Despite being developed to fight the original COVID-19 strain, a third dose of mRNA vaccine boosts the immune system substantially to better fight infections caused by the Omicron variant relative to the standard 2-dose primary series, according to two new studies in Nature and JAMA Network Open.
Broader B-cell memory response
One mechanism by which the booster dose fights Omicron is by increasing the range of memory B cells in the recipient, the Nature researchers write. The B cells then help produce broadly neutralizing antibodies, more than 50% of which were capable of neutralizing Omicron in a study of 42 adult volunteers.
To conduct the study, researchers assessed the longitudinal immune responses of volunteers who received the primary two-dose vaccine series plus a booster shot. None of the volunteers—all healthy adults—had previously been infected with any strain of SARS-CoV-2. The study took place in 2021, with 34 volunteers receiving the Pfizer-BioNTech vaccine and 8 receiving the Moderna vaccine.

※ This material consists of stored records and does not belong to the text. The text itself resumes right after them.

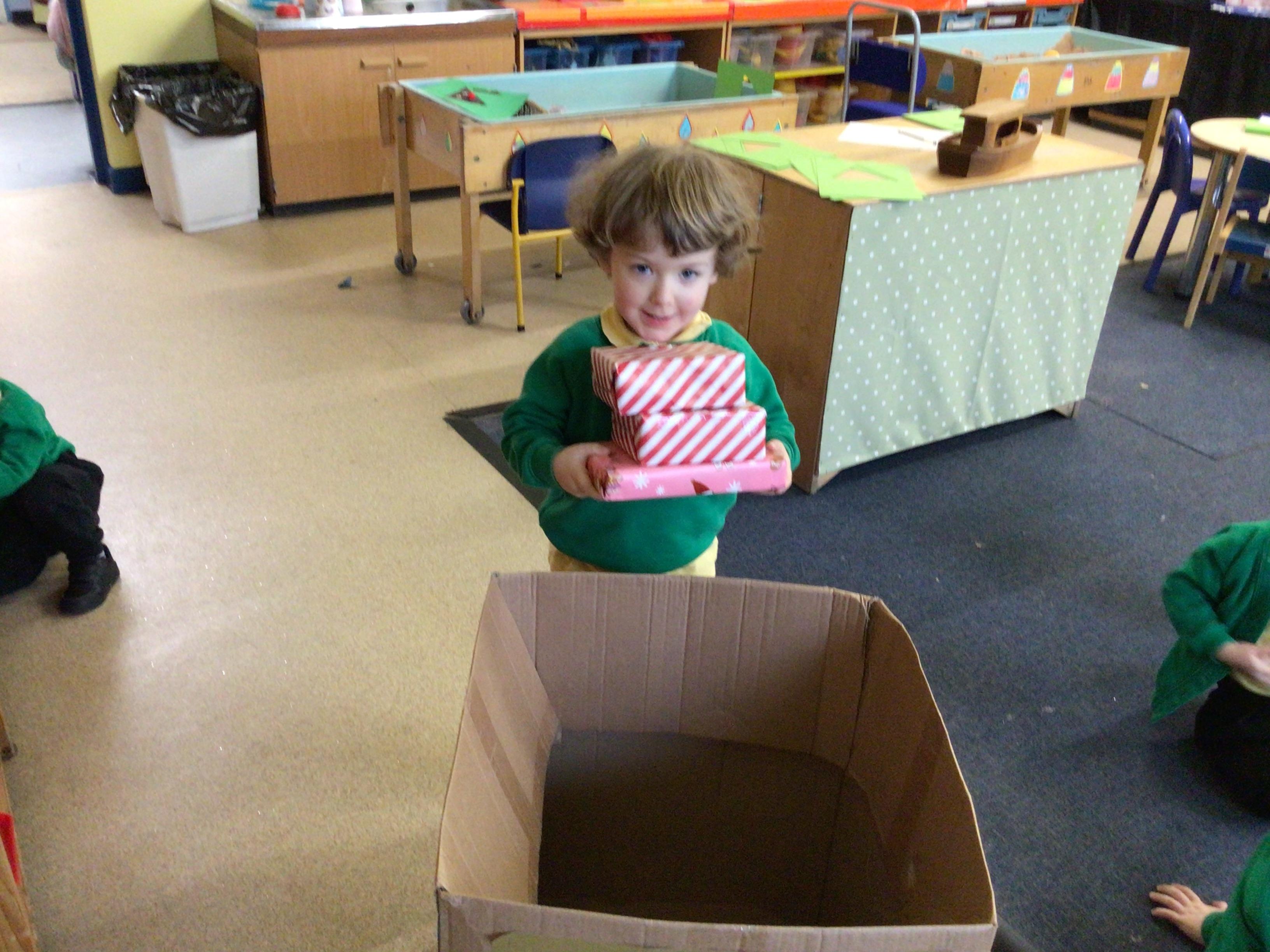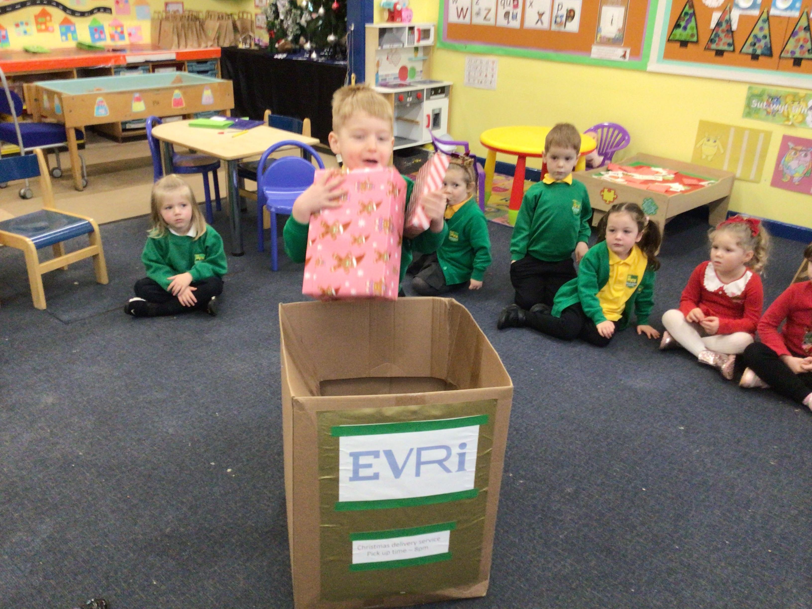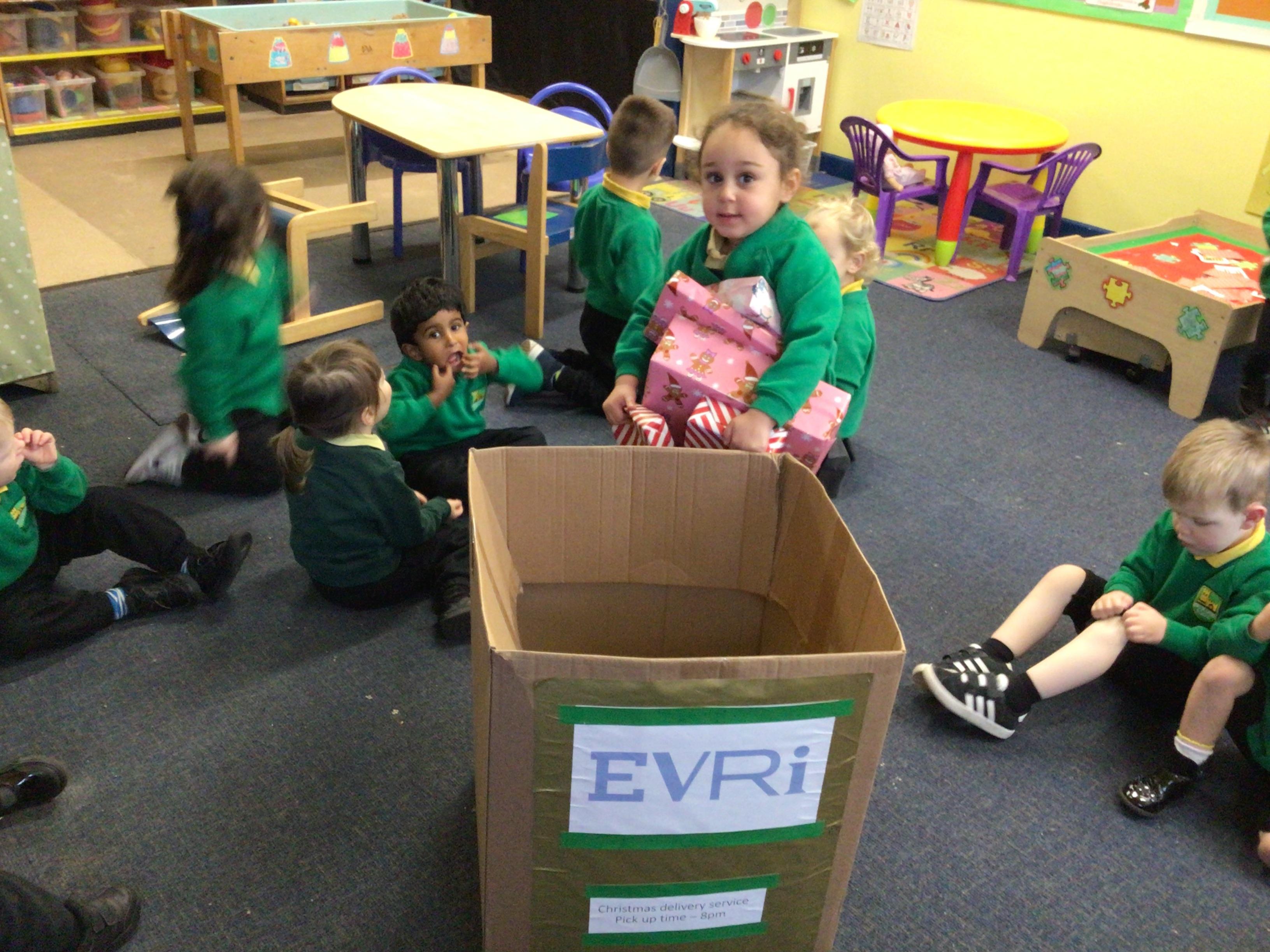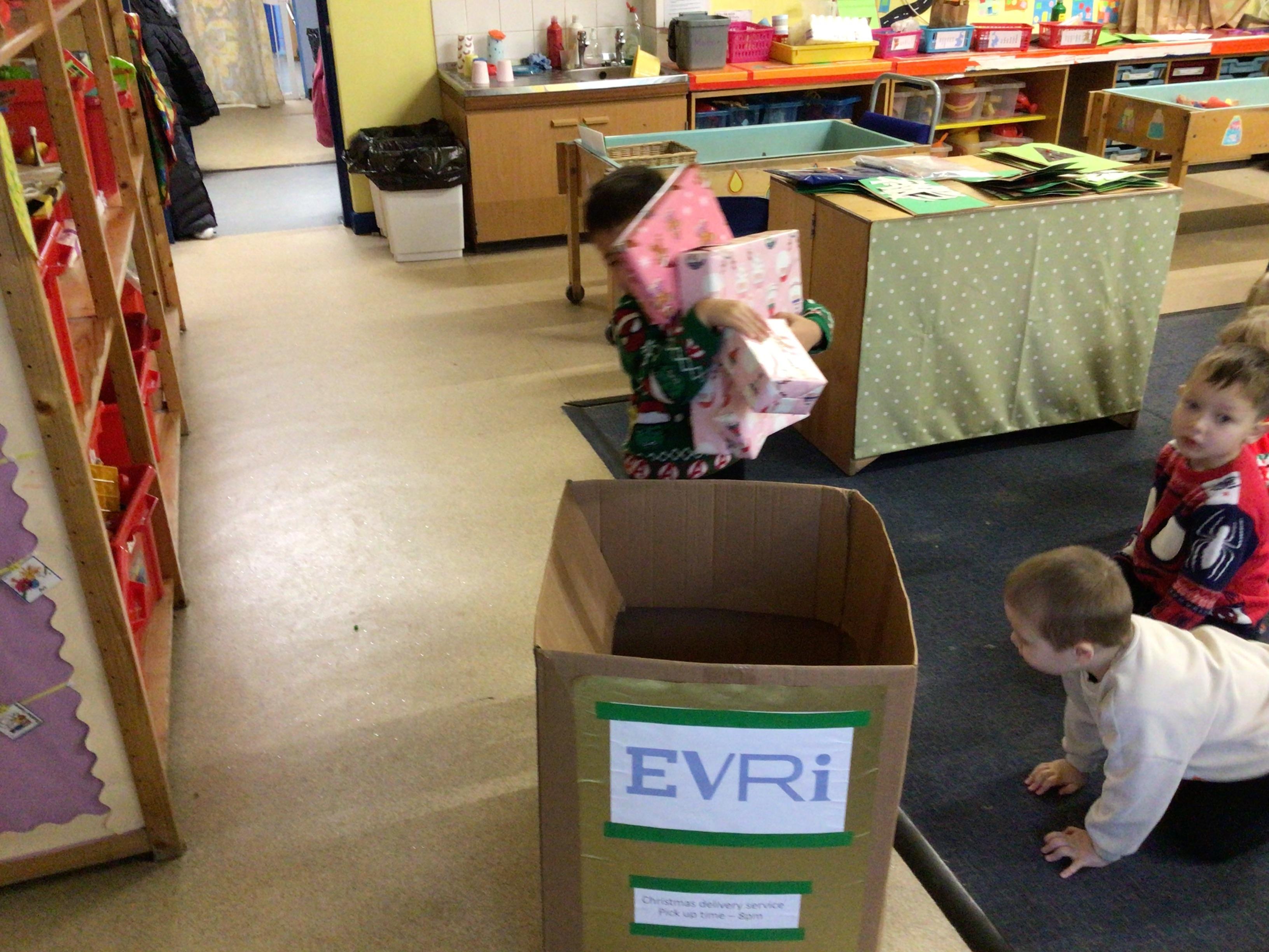 December in Nursery. We have been delivery people to help Father Christmas with the presents.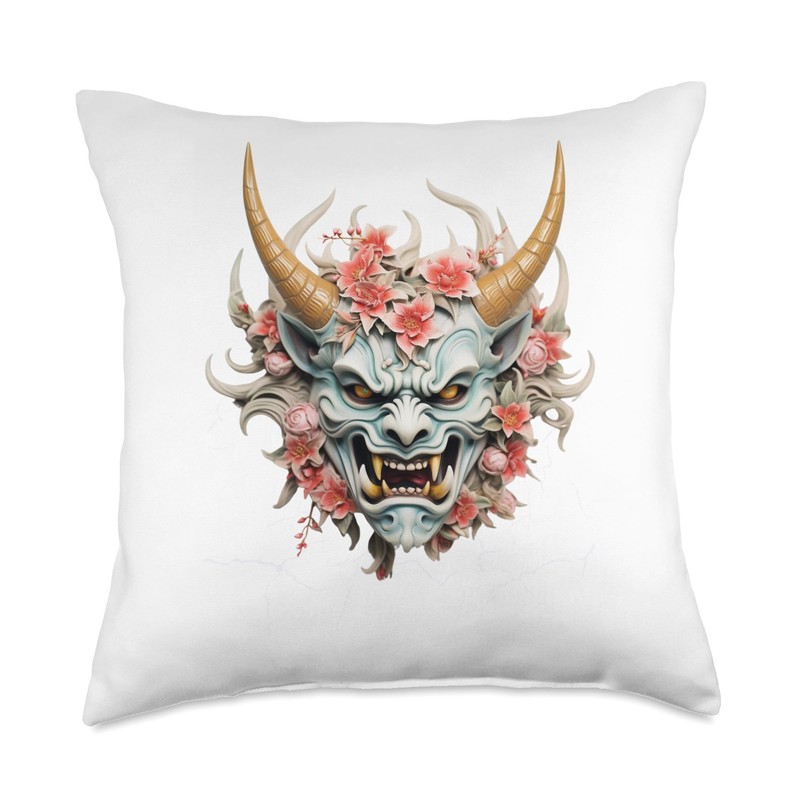 Scary Yokai Oni Mask With Red Flowers Japanese Anime Warrior Throw Pillow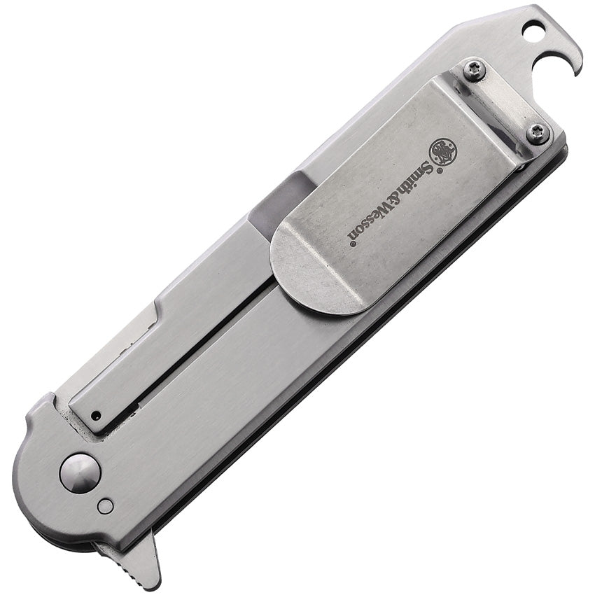 The Smith & Wesson Big Benji takes everyday carry to the next level by combining a large tanto blade with a multi-functional build. Featuring a 9 cm (3.54 in) 8Cr13MoV stainless steel blade and Ultra Glide® bearing technology, it opens smoothly via a flipper. The G10 handle offers a secure grip, while the integrated frame lock ensures safety in use. Built-in extras like a bottle opener and money clip-style pocket clip make the Big Benji a practical and compact tool for daily life.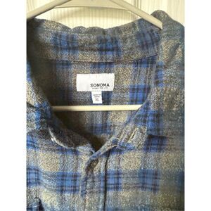 Sonoma Men's XL Blue Gray Flannel Button Down Double Breasted Outerwear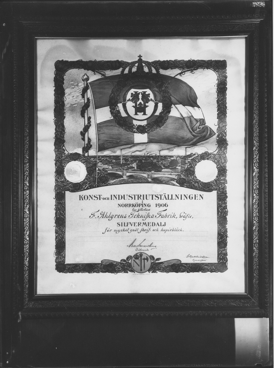 Fotografi av diplom: Konst- och industriutställningen i Norrköping 1906. " Silfermedalj för mycket godt skrif och kopiebläck".

Blood samples were taken 2.5 weeks after the prime dose, 1.3 and 5 months after the second dose, and 1 month after the third dose. Following a 7.3-fold decrease in neutralizing titers between 1.3 and 5 months after the second vaccine dose, administration of a booster dose raised neutralizing titers 11.9-fold, the authors found.
To determine how neutralizing antibodies after the booster dose held up against different strains of the virus, the researchers compared 18 antibody pairs that were randomly selected across participants and had measurable neutralizing activity against the original virus strain. They then challenged the samples with both Delta and Omicron BA.1 strains of SARS-CoV-2. Fifteen of 18 antibody pairs neutralized Delta, and 11 out of 18 pairs showed neutralizing activity against Omicron.
"The memory B cells expressing more potent and broader antibodies do not appear to contribute to circulating plasma antibody levels, but upon challenge with antigen in the form of a vaccine or infection, they produce large amounts of antibodies within 3-5 days," the authors concluded. "A diversified and expanded memory B cell compartment are likely to be key mechanisms that contribute to the enhanced protection against severe disease by a 3rd mRNA vaccine dose."
Despite mutations, T cells recognized Omicron
In the JAMA Network Open study, researchers demonstrated good T-cell immune response of vaccines from Omicron in 61 Italian volunteers who had different vaccination and infection histories.
The volunteers donated 15 milliliters of blood to researchers, who then processed the samples to measure T-cell reactivity to the mutated regions of the spike protein of the Omicron variant.
The median (range) frequency of CD4+ T cells reactive to peptides covering the mutated regions in the Omicron variant was 0.039% (0%-2.356%), a decrease of 64% compared with the frequency of CD4+ cells specific for the same regions of the ancestral strain (0.109% [0%-2.376%]), the authors found.
The reduction was 49% for CD8+ T cells. But the overall reactivity to the peptide library of the full-length protein was largely maintained (estimated 87%), which means the SARS-CoV-2 Omicron variant was recognized by the cellular component of the immune system.
The Omicron variant has more than 35 mutations in the spike protein compared to the original, Wuhan strain, the authors note.
"However, as these regions cover only a small proportion of the whole protein, the overall response against Omicron spike was largely preserved regardless of vaccination and/or infection history in our study," they said.
The results mean that both vaccination and previous infection with COVID-19 likely prevent severe illness and death from the Omicron strain.